KantanAI Blog

A.I. must not only support your business. It must advance it.

Together, let’s make your products smarter. Your customer experiences more exceptional. Your people more productive. Your processes more profitable. And your systems more powerful.

MT Evolution: From Rule-based Systems to Large Language Models

Machine translation (MT) has been crucial in facilitating modern communication and fostering global connectivity. Contrary to what the public might think, it emerged in the early 20^th Century and has developed considerably over the years.

But what exactly is machine translation? Simply put, MT involves the automatic production of a text in a target language by using a source language text. It was mainly developed for defense and military purposes, and we only saw its commercial use by the end of the 90s with the release of Babel Fish. Although initial MT outputs were far from perfect, it changed how information was being processed and it allowed international growth of companies and later e-commerce (Kenny, 2022.)
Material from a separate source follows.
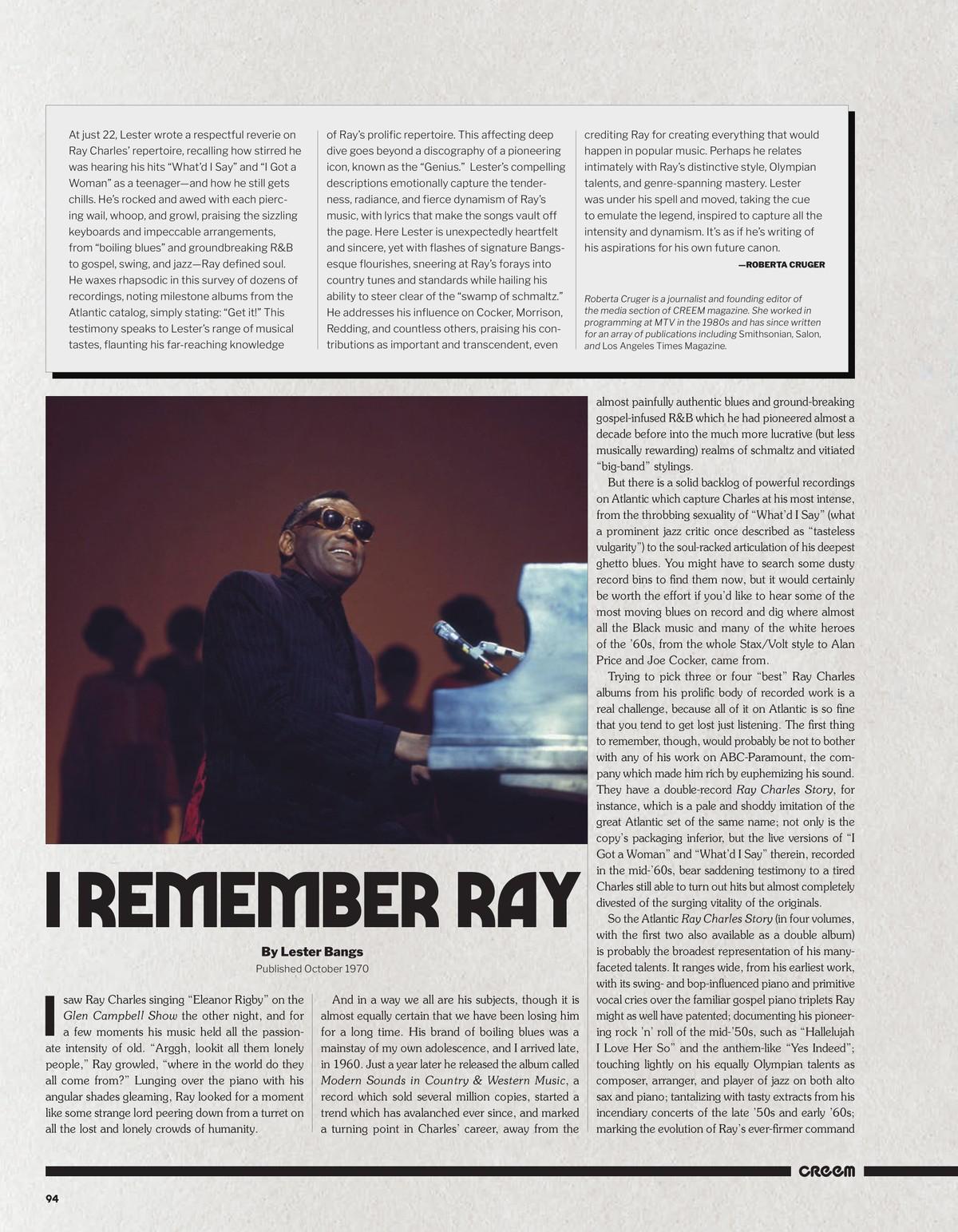 At just 22, Lester wrote a respectful reverie on Ray Charles’ repertoire, recalling how stirred he was hearing his hits “What’d I Say” and “I Got a Woman” as a teenager—and how he still gets chills. He’s rocked and awed with each piercing wail, whoop, and growl, praising the sizzling keyboards and impeccable arrangements, from “boiling blues” and groundbreaking R&B to gospel, swing, and jazz—Ray defined soul.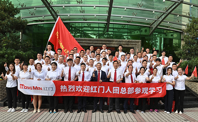 公司为远道而来的红门家人举行了盛大的欢迎仪式,大家身着红门统一工服,热烈欢迎各位红门人的到来。红门董事长余家红先生、总裁何菲先生、副总裁余德君先生、副总裁魏承榜先生、副总裁涂选明先生携公司员工共同迎接他们的到来。

In this article, we will do an overview of this evolution, from the early initiatives of Petr Smirnov-Troyanskii in the 1930s to the current advancements in Neural Machine Translation (NMT) and LLMs, and what that means for the language industry.

Early Progress and Ruled-Based Machine Translation (RBMT)

Although his contribution is not often recognized, the origins of MT can be traced back to 1933 with Peter Smirnov-Troyanskii’s invention: a translation machine that used cards and a camera to recognize and decode words in four different languages. This invention, however, was mostly ignored until the 1950s. The origins of MT are usually attributed to the work of Warren Weaver in 1949, where he laid the groundwork for Statistical Machine Translation (SMT) by integrating statistical methodologies into language processing (source: https://towardsdatascience.com/evolution-of-machine-translation-5524f1c88b25.) Moreover, Weaver’s proposal boosted the interest in the use of computers for translation tasks, propelling more research on the topic in the next years.

The next key development of MT occurred in 1954 with the Georgetown-IBM experiment, where initial efforts were made to translate 60 sentences from Russian into English using computational methods. While the experiment was very controlled as the sentences were previously extracted and tested to avoid ambiguity, it demonstrated the potential for technology to facilitate cross-language communication and sparked the race to create automated translation systems. From here on, countries doubled efforts and investment to produce MT systems (Source: https://www.globalizationpartners.com/2013/01/02/an-introduction-to-machine-translation/.)

The 1960s and 1970s witnessed a shift towards rule-based approaches in machine translation. In general terms, these systems require mapping the source and target languages to create rules for automatic translation. This demands extensive glossaries, big computational capacity to process the algorithms necessary to create outputs, and, most importantly, language experts able to create such rules. RBMT faced difficulties mapping and obtaining good outputs from languages with different structures and rules, which doubled the computational and human effort (Kenny, 2022.)

Corpus-Based Approaches

While researchers worked extensively on RBMT systems, there were also developments of syntax-based approaches and statistical analysis of translation. This marked a notable transition towards corpus-based methodologies, harnessing extensive datasets to refine translation precision and efficacy. Corpus-based approaches make use of parallel corpus, multi-language corpus, and comparable corpus to tackle the issue of contextual information and differences in language structures faced by RBMT. The most important of these approaches are Example-Based Machine Translation (EBMT) and SMT, (Dajun & Yun, 2015.)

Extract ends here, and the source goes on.